In March 2021, she was cast as Barry Allen/The Flash's mother Nora Allen in the DC Extended Universe film The Flash, which was released in June 2023. She also appeared as eccentric millionaire Olivia Uriarte in whodunit film A Deadly Invitation. She also portrayed Carmen, a toxic mother and bon vivant, in season 7 of teen drama series Elite, and the girlfriend and advisor of Leo (Daniel Giménez Cacho) in Familia.
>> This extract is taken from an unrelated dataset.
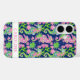 Customize this colorful navy blue, kelly green, and pink watercolor seahorses iPhone 16 case with your your name in a trendy modern CAP font in pink on white. It's so modern and trendy!
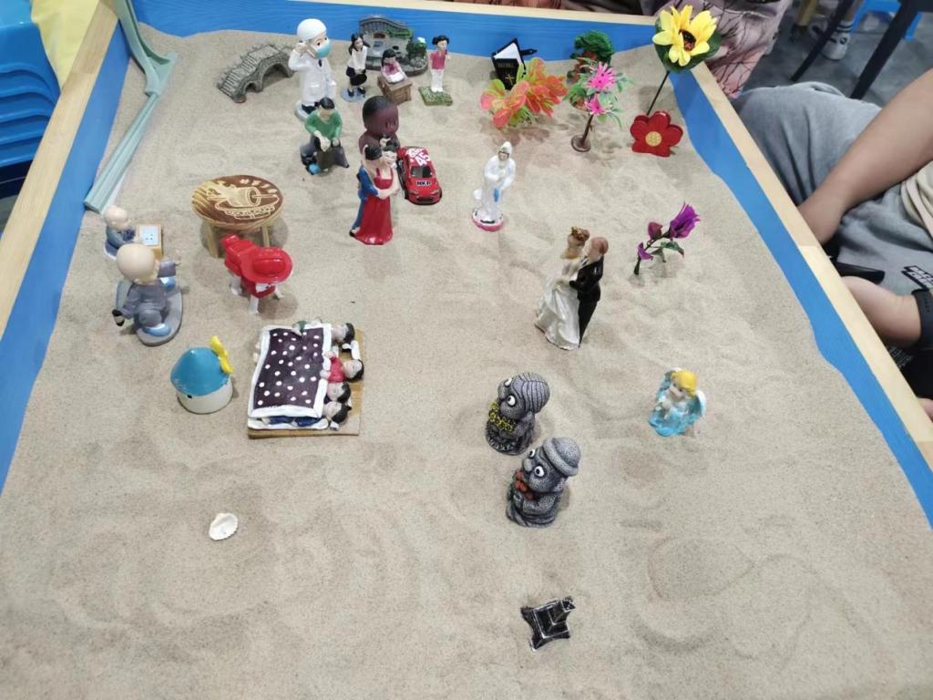 节日当天,同学们相聚在科艺苑心理中心,积极展示自己精心设计的沙盘。这些沙盘重现了每个学生和与母亲相处的重要时刻。他们运用沙子和沙具,在沙盘上细致地构建了母亲陪伴孩子的温馨场景,如童年的欢笑、困难时期坚定的支持等。

In 2024, she was reported to have joined the shooting of Max series When No One Sees Us, set to star as Lucía Gutiérrez (a Guardia Civil agent investigating a suicide case in Morón de la Frontera) alongside Dani Rovira, Mariela Garriga, Austin Amelio, and Ben Temple. In December 2024, she was awarded the Gold Medal of Merit in the Fine Arts.

==Personal life==
Verdú married Pedro Larrañaga on 2 September 1999. He is the son of actors Carlos Larrañaga and María Luisa Merlo. Verdú is the stockholder of the clinic Premium in Estepona.

==Accolades==

Year: Award; Category; Work; Result; Ref.
1992: 6th Goya Awards; Best Actress; Lovers; Nominated
1997: 11th Goya Awards; Best Supporting Actress; La Celestina; Nominated
1998: 12th Goya Awards; Best Actress; The Lucky Star; Nominated
2007: 21st Goya Awards; Pan's Labyrinth; Nominated
16th Actors and Actresses Union Awards: Best Film Actress in a Leading Role; Nominated
49th Ariel Awards: Best Actress; Won
2008: 22nd Goya Awards; Best Actress; Seven Billiard Tables; Won
17th Actors and Actresses Union Awards: Best Film Actress in a Leading Role; Nominated
6th Mestre Mateo Awards: Best Actress; The Mud Boy; Nominated
2009: 23rd Goya Awards; Best Actress; The Blind Sunflowers; Nominated
18th Actors and Actresses Union Awards: Best Film Actress in a Leading Role; Nominated
2010: 24th Goya Awards; Best Actress; Tetro; Nominated
2012: 26th Goya Awards; Best Supporting Actress; Chrysalis; Nominated
21st Actors and Actresses Union Awards: Best Film Actress in a Secondary Role; Nominated
2013: 68th CEC Medals; Best Actress; Snow White; Nominated
27th Goya Awards: Best Actress; Won
22nd Actors and Actresses Union Awards: Best Film Actress in a Leading Role; Won
2014: 28th Goya Awards; Best Supporting Actress; 15 Years and One Day; Nominated
2017: 72nd CEC Medals; Best Actress; The Lighthouse of the Orcas; Nominated
2018: 23rd Forqué Awards; Best Actress; Abracadabra; Nominated
5th Feroz Awards: Best Main Actress in a Film; Nominated
73rd CEC Awards: Best Actress; Nominated
32nd Goya Awards: Best Actress; Nominated
5th Platino Awards: Best Actress; Nominated
2021: 27th Forqué Awards; Best Female Performance in a Series; ANA. all in; Nominated
2022: 9th Feroz Awards; Best Main Actress in a Series; Nominated
9th Platino Awards: Best Actress in a Miniseries or TV Series; Nominated
2024: 32nd Actors and Actresses Union Awards; Best Actress in an International Production; The Flash; Won

===Lifetime achievements===
- Gold Medal of the Academy of Cinematographic Arts and Sciences of Spain in 2008.
- National Cinematography Award by the Spanish Ministry of Culture in 2009.